Brief: Retype, word for word, only the lines from the one containing "This is our" through the last line of the listing below. Pictures do not belong in the result.
▬▬▬
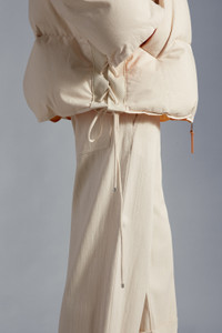Fully embracing the 2 Moncler 1952 outdoor roots, the Raimi short down jacket for women is designed to protect from the elements. A feminine design, the Raimi down jacket features an oversized silhouette adjustable with delicate lacing on the sides. Crafted from coated cotton canvas, the short puffer is lightweight, yet water-repellent. The neutral-tone design is enlivened with zesty, glossy lining. - Crafted from coated cotton canvas - Nylon laqué lining - Down-filled - Zipper closure - External patch pockets with snap button closure - Cotton and polyester ribbon side with metal eyelets and drawstring with cord ends and spiral motif - Adjustable hem with elastic drawstring fastening - Adjustable cuffs with recycled drawstring fastening - Ribbon-embroidered logo patch SIZE AND FIT - The model is wearing a size 0 and is 180 cm tall - The model measures: chest 79 cm, waist 60 cm, hips 88 cm - Oversized fit COMPOSITION AND CARE EXTERIOR: 100% Cotton; LINING: 100% Polyamide / Nylon; PADDING: 90% Down, 10% Feather Wash max 30°C - Very mild process; Do not bleach; Do not tumble dry; Ironing maximum temperature 110°C - without steam; Do not dry clean; Professional wet cleaning - very mild process; Flat dry in the shade; Wash separately; It is advisable to wash and iron the garment on reverse.; PROTECT TRIMS WHILE WASHING Product code H20941A00010M2261070 Made in Romania
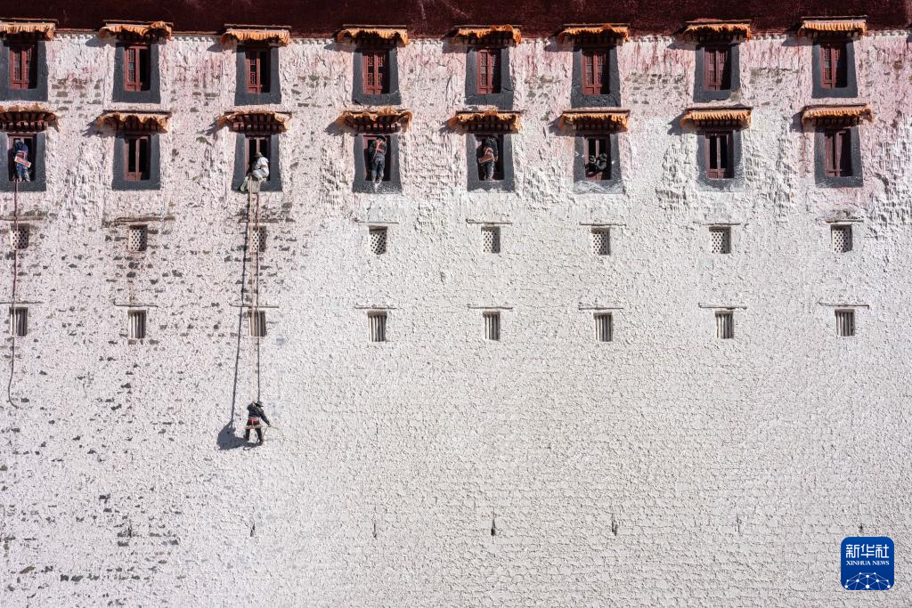 10月31日拍摄的布达拉宫年度外墙粉刷工作现场。
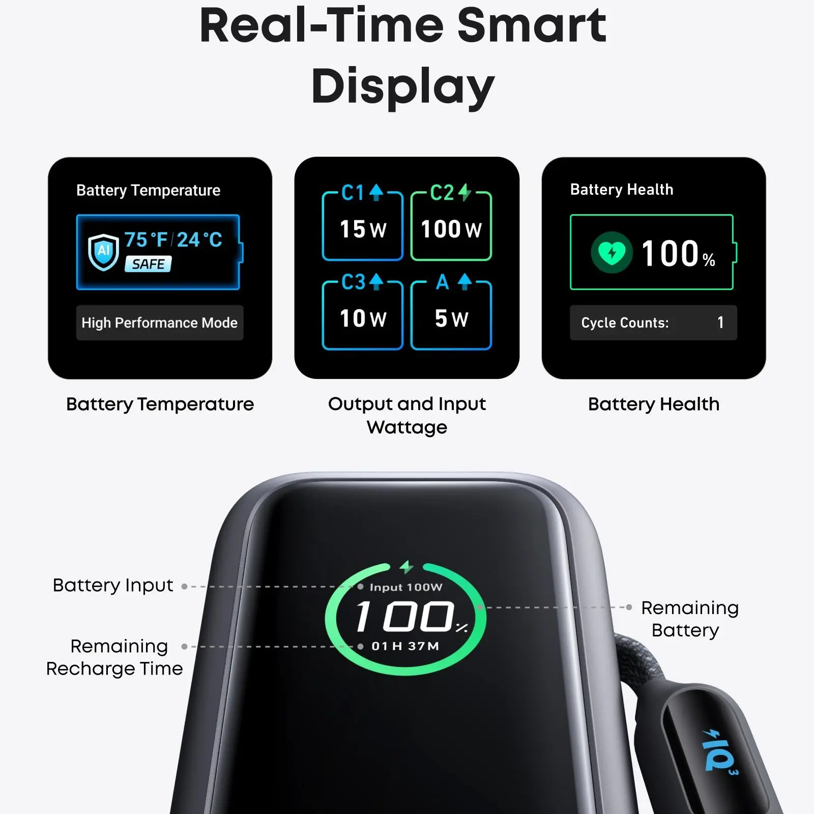 ·25,000mAh for Long-Haul Power: Set off on extended journeys with a huge 25,000mAh capacity that supports your devices through multiple uses, complete with 100W ultra-fast recharging that fuels the power bank to 30% in just 20 minutes.
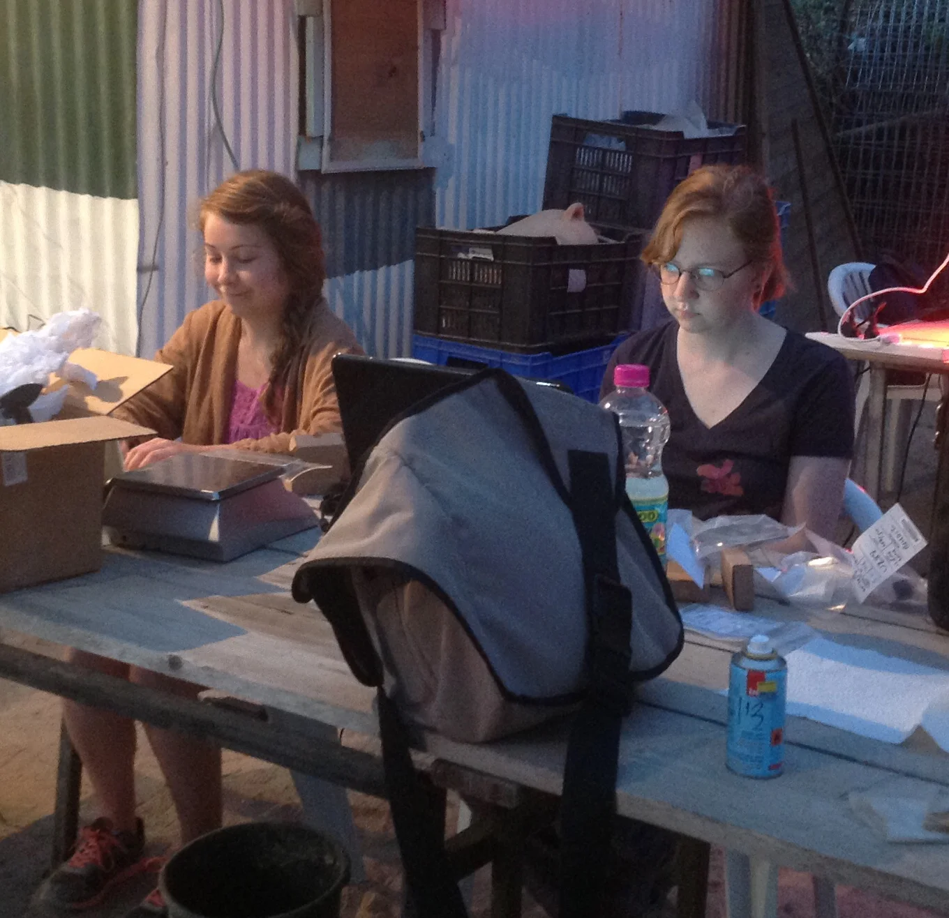 Volunteers and staff in the field aren't the only ones at work during the dig week. The pottery compound is actually quite busy during the day. The registrars run things making sure everyone has the supplies they need, welcoming expected visitors, and processing all the objects that we find during the dig day.
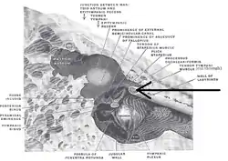 The medial wall and part of the posterior and anterior walls of the right tympanic cavity, lateral view. (Artery not shown, but tensor tympani muscle indicated with arrow)
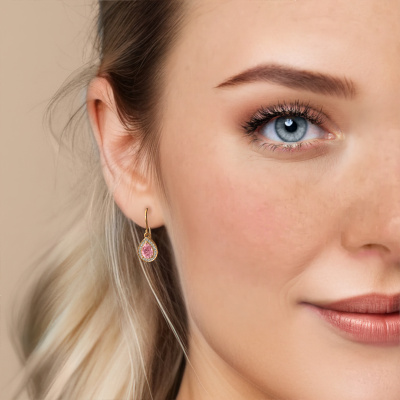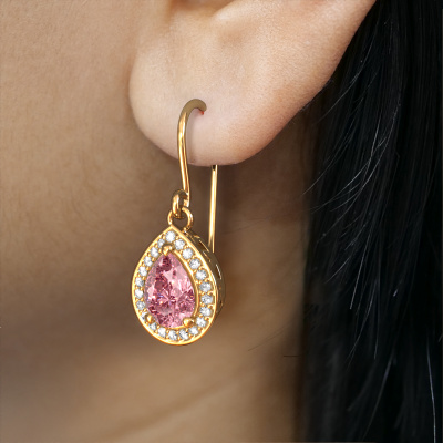 This is our set of trendy Beverlee 1 drop earrings. In this example the drop earrings are set with pear pink lab grown diamond. Each of our pink lab grown diamonds gemstones is carefully selected and positioned in your drop earrings with great precision so light hits the pink lab grown diamond from every angle. We believe these drop gold drop earrings look best set with coloured gemstones. But that is entirely up to you. Our goldsmiths passionately create your customized drop earrings to your liking with the utmost care. The gold set drop earrings, as shown here, can be customized using our online tool. Feel free to ask our jewel designers for assistance if you want changes made which are unavailable in our online tool. We are happy to answer your questions.After receiving your order, our goldsmiths will passionately start the creative process of making your drop earrings in our own studio. Because we don't have a big stockpile, these costs will not be passed on to you. Our pricing is proof of that! We offer top quality jewels at lowest price, guaranteed.To make it easier for you, we offer a 30 day return policy. Check our terms and conditions.
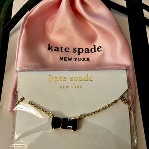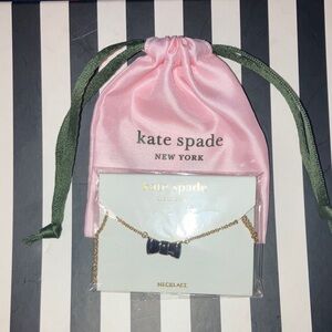 Kate Spade NWT/Dust bag Black Enamel Bow with 16-18in Gold adjustable Necklace
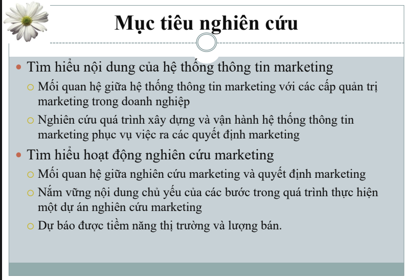 Nội dung chương trình đề cập đến các thành phần quan trọng như: ghi chép nội bộ, tình báo marketing, nghiên cứu thị trường và hệ thống phân tích thông tin. Ngoài ra, tài liệu cũng nhấn mạnh vai trò của nghiên cứu marketing trong việc xác định nhu cầu khách hàng, dự báo xu hướng, đánh giá môi trường cạnh tranh và hỗ trợ doanh nghiệp hoạch định chiến lược hiệu quả.
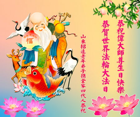Một đệ tử Đại Pháp ở Chiêu Viễn, Sơn Đông cùng toàn thể gia đình mười người chúc mừng Ngày Pháp Luân Đại Pháp Thế giới và kính chúc sinh nhật Sư phụ!
▬▬▬
Result:
 This is our set of trendy Beverlee 1 drop earrings. In this example the drop earrings are set with pear pink lab grown diamond. Each of our pink lab grown diamonds gemstones is carefully selected and positioned in your drop earrings with great precision so light hits the pink lab grown diamond from every angle. We believe these drop gold drop earrings look best set with coloured gemstones. But that is entirely up to you. Our goldsmiths passionately create your customized drop earrings to your liking with the utmost care. The gold set drop earrings, as shown here, can be customized using our online tool. Feel free to ask our jewel designers for assistance if you want changes made which are unavailable in our online tool. We are happy to answer your questions.After receiving your order, our goldsmiths will passionately start the creative process of making your drop earrings in our own studio. Because we don't have a big stockpile, these costs will not be passed on to you. Our pricing is proof of that! We offer top quality jewels at lowest price, guaranteed.To make it easier for you, we offer a 30 day return policy. Check our terms and conditions.
 Kate Spade NWT/Dust bag Black Enamel Bow with 16-18in Gold adjustable Necklace
 Nội dung chương trình đề cập đến các thành phần quan trọng như: ghi chép nội bộ, tình báo marketing, nghiên cứu thị trường và hệ thống phân tích thông tin. Ngoài ra, tài liệu cũng nhấn mạnh vai trò của nghiên cứu marketing trong việc xác định nhu cầu khách hàng, dự báo xu hướng, đánh giá môi trường cạnh tranh và hỗ trợ doanh nghiệp hoạch định chiến lược hiệu quả.
Một đệ tử Đại Pháp ở Chiêu Viễn, Sơn Đông cùng toàn thể gia đình mười người chúc mừng Ngày Pháp Luân Đại Pháp Thế giới và kính chúc sinh nhật Sư phụ!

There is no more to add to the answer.